Rapatrié à la fin du conflit, il revient à la réalisation avec Récit d’un propriétaire (1947) et renoue avec le succès grâce à Printemps tardif (1949). Avec l’aide de son scénariste fétiche Kogo Noda, il dessine, film après film, un portrait des relations affectives et conflictuelles entre les sexes et les générations. Voyage à Tokyo (1953), son plus connu, inscrit la désintégration de la famille japonaise traditionnelle à travers l’évolution des rapports entre parents et enfants. Fleurs d’équinoxe (1958), premier film en couleur, marque les rapports tendus entre un patriarche autoritaire et ses filles. Tourné exceptionnellement en CinémaScope, Herbes Flottantes (1959) est la chronique d’un passé pas si ancien où les enfants paient les erreurs de leurs géniteurs. Dans Bonjour (1959), le langage est au cœur du conflit.
Chez Ozu, l’usage de la langue relève souvent d’une démarche antinaturelle qui s’interdit toutefois le bon mot. Elle est comme un masque dissimulant les sentiments des personnages à travers une succession de descriptions d’une évidente banalité. C’est en réaction à cette hypocrisie que les personnages principaux – deux espiègles garçonnets - vont entamer une grève de la parole. Fin d’automne (1960) est un drame sans larmes tournant autour de la question du mariage arrangé et de l’émancipation. Le Goût du saké (1962), dernier film du maître, nous montre un Japon dévitalisé par la défaite où un père veuf (l’inévitable et attachant Chishu Ryu) prend conscience de la nécessité de marier sa fille avant de devenir un fardeau pour elle.

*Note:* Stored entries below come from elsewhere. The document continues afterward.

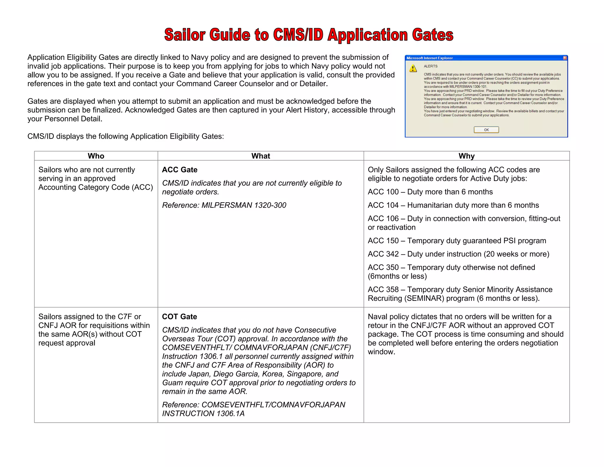 Application Eligibility Gates displayed by CMS/ID are directly linked to Navy policy and are designed to prevent invalid job applications. Gates keep Sailors from applying to jobs that Navy policy would not allow, and must be acknowledged before submitting an application. Gates are captured in the Sailor's Alert History for future reference. Common gates include those for Sailors outside their authorized paygrade range, rate, or who require additional approvals like COT, PTS, or EFM. Sailors should consult references in the gate text or their Career Counselor if they believe their application is still valid.
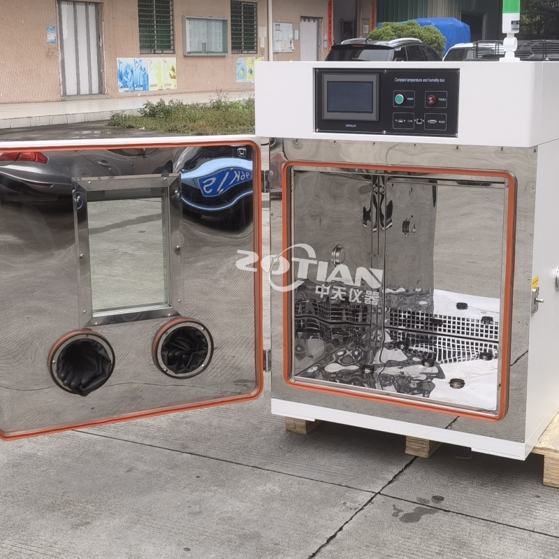 單開門 配觀察窗W250Xh350㎜、照明燈; 操作入口:2個,可以拿起產(chǎn)品進(jìn)行觀察. |
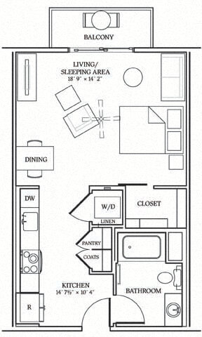 Modelo de apartamento: STUDIO 3$2,563Estudio, 1 Baño, 590 sq ftDisponible October 17, 2025Los planos de la planta son una interpretación artística. Todas las dimensiones son aproximadas. Los tamaños o el detalle del producto real y sus especificaciones pueden variar. No todas las características están disponibles en todos los hogares para rentar. Los precios y la disponibilidad están sujetos a cambios. El alquiler que se muestra es mensual. Se pueden aplicar ciertos cargos, por ejemplo, entrega de paquetes, recolección de basura, agua, servicios, etc. Depositos varian. Consulta a un representante para conocer detalles.

Découvert en France sur le tard, à la fin des années soixante-dix, Yasujiro Ozu a été l’objet d’une incompréhension. Défini par l’historien du cinéma Donald Richie comme « le plus japonais des cinéastes », l’attachement au quotidien ou le fameux plan-tatami (caméra à hauteur du sol) sont présentés comme des éléments corrélés à la philosophie et la religion de son propre pays. Le cinéaste deviendrait un ascète de l’image dont le choix de ne pas emphatiser des séquences dramatiques rattacherait son cinéma à des concepts zen. Dans son livre de référence, le critique Shigehiko Hasumi contredit son confrère américain en présentant Ozu, non sans malice, comme « le moins japonais des cinéastes ». Il dévoile une tout autre lecture sur son travail, faisant remarquer que l’image ne s’imprègne jamais du lyrisme de la rhétorique traditionnellement japonaise.
Cette fausse banalité de la mise en forme refuse d’obéir à un principe statique et adhère à la sensibilité cinématographique de notre regard. Ozu fera graver sur sa tombe l’idéogramme mu (le « vide »), choix inspiré par le concept bouddhiste de l’impermanence. Hasumi observe cependant que le néant ozuien n’est pas un concept religieux ou métaphysique, mais une image architecturale gravée à l’intérieur de la pellicule. « Un film est fait des impressions qui nous restent après » écrit Ozu alors qu’il vient de perdre sa mère pendant la préparation de son dernier film. Sa prédilection pour les plans d’objets du quotidien (vase, linge suspendu, service à thé) sont les signes d’un monde qui préexiste aux personnages et qui leur survivra. Ces natures mortes révèlent à la fois les considérations existentielles d’Ozu et les outils de sa réécriture personnelle des propriétés du cinéma.